# Training on CHURN Dataset using Tensorflow Operator

## Prerequisites
Before we proceed, let's check that we're using the right image, that is, [TensorFlow](https://www.tensorflow.org/api_docs/) is available:

In [None]:
#! pip3 list | grep tensorflow 
! pip3 install --user tensorflow==2.4.0
! pip3 install --user ipywidgets nbconvert
!python -m pip install --user --upgrade pip
!pip3 install pandas scikit-learn keras tensorflow-datasets --user

To package the trainer in a container image, we shall need a file (on our cluster) that contains the code as well as a file with the resource definitition of the job for the Kubernetes cluster:

In [1]:
TRAINER_FILE = "tfjobtitan.py"
KUBERNETES_FILE = "tfjob-titan.yaml"

We also want to capture output from a cell with [`%%capture`](https://ipython.readthedocs.io/en/stable/interactive/magics.html#cellmagic-capture) that usually looks like `some-resource created`.
To that end, let's define a helper function:

In [2]:
import re

from IPython.utils.capture import CapturedIO


def get_resource(captured_io: CapturedIO) -> str:
    """
    Gets a resource name from `kubectl apply -f <configuration.yaml>`.
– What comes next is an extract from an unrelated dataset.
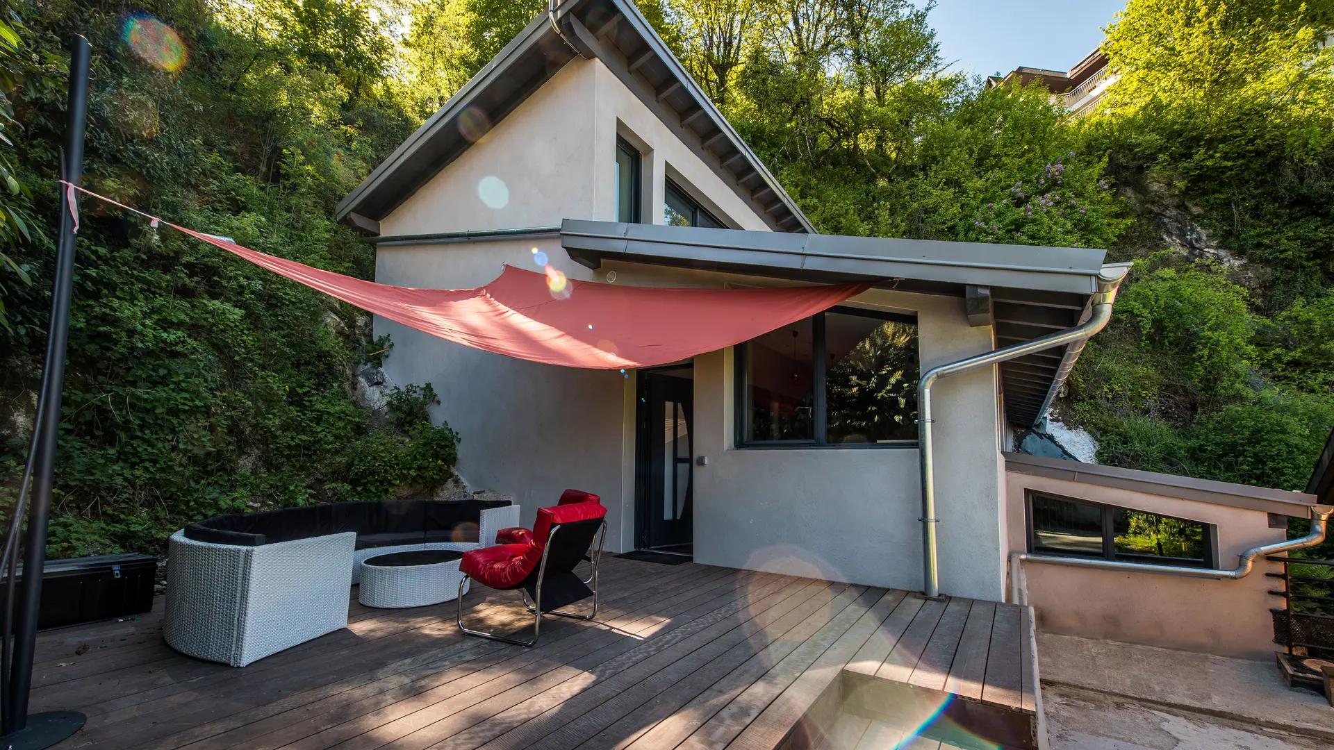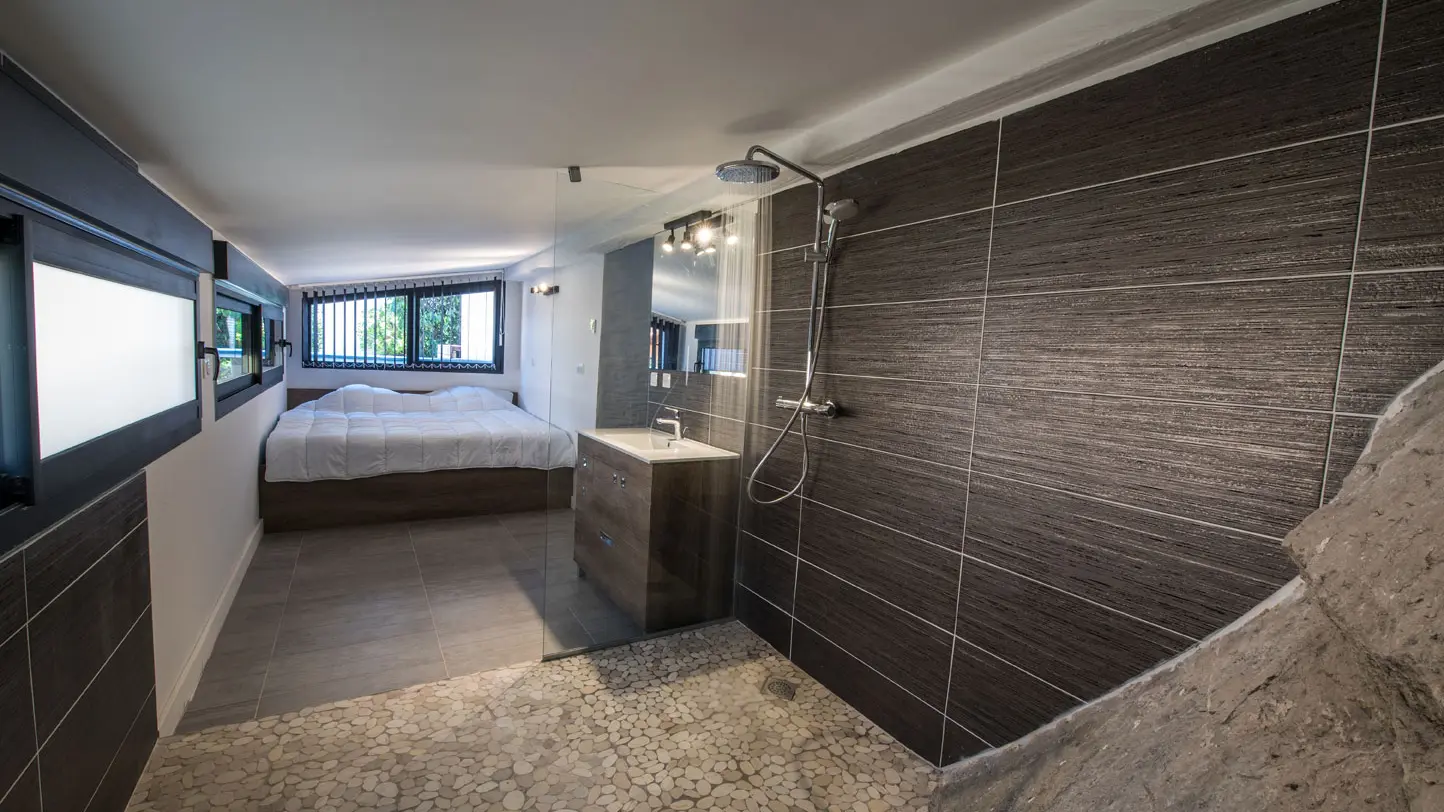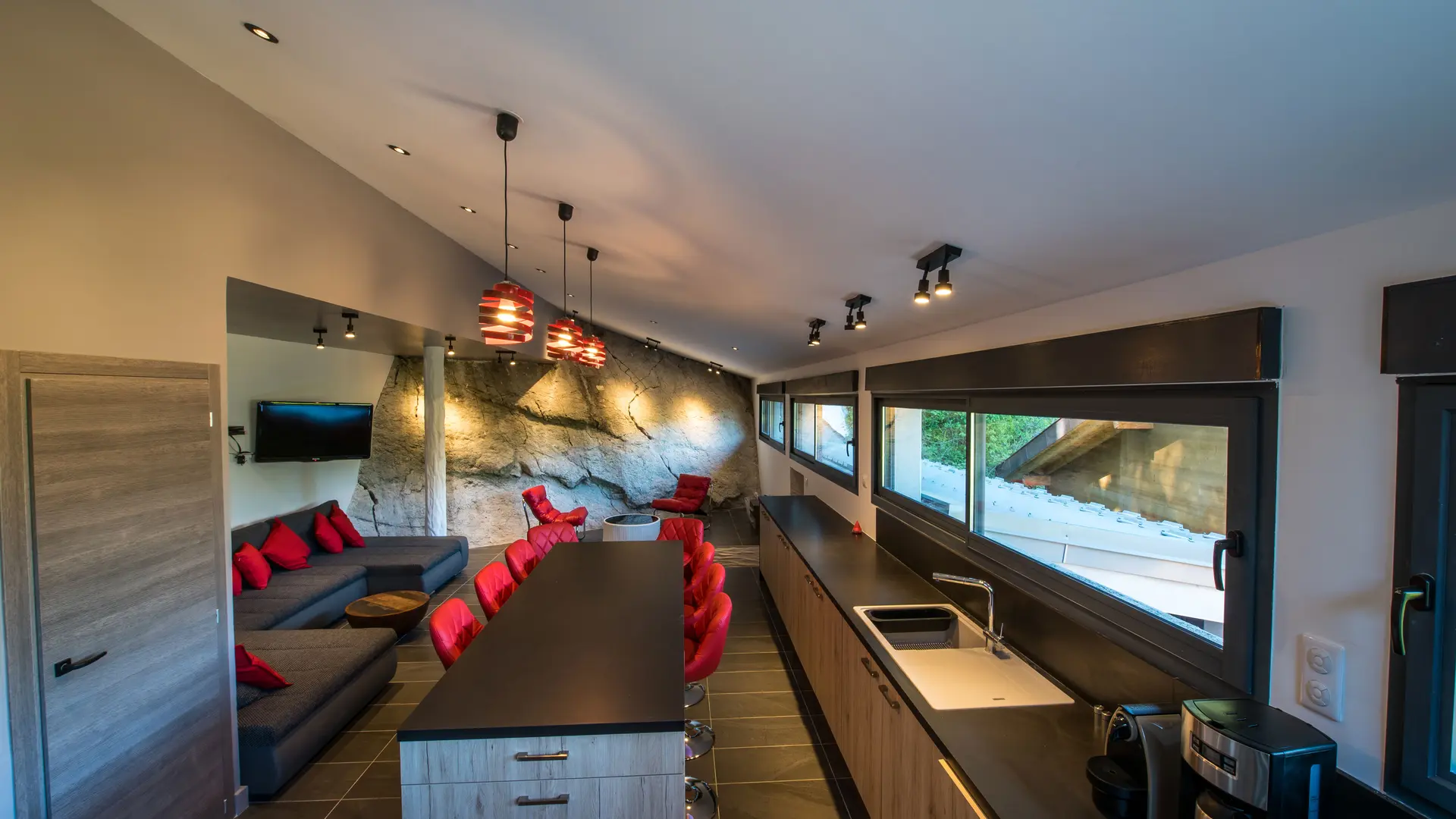 Les beaux volumes intérieurs s'organisent autour d'un pan de falaise et d'une décoration contemporaine. La combinaison architecture moderne, mobilier design et le confort des équipements en font le logement idéal pour vos vacances.

    :param str captured_io: Output captured by using `%%capture` cell magic
    :return: Name of the Kubernetes resource
    :rtype: str
    :raises Exception: if the resource could not be created
    """
    out = captured_io.stdout
    matches = re.search(r"^(.+)\s+created", out)
    if matches is not None:
        return matches.group(1)
    else:
        raise Exception(f"Cannot get resource as its creation failed: {out}. It may already exist.")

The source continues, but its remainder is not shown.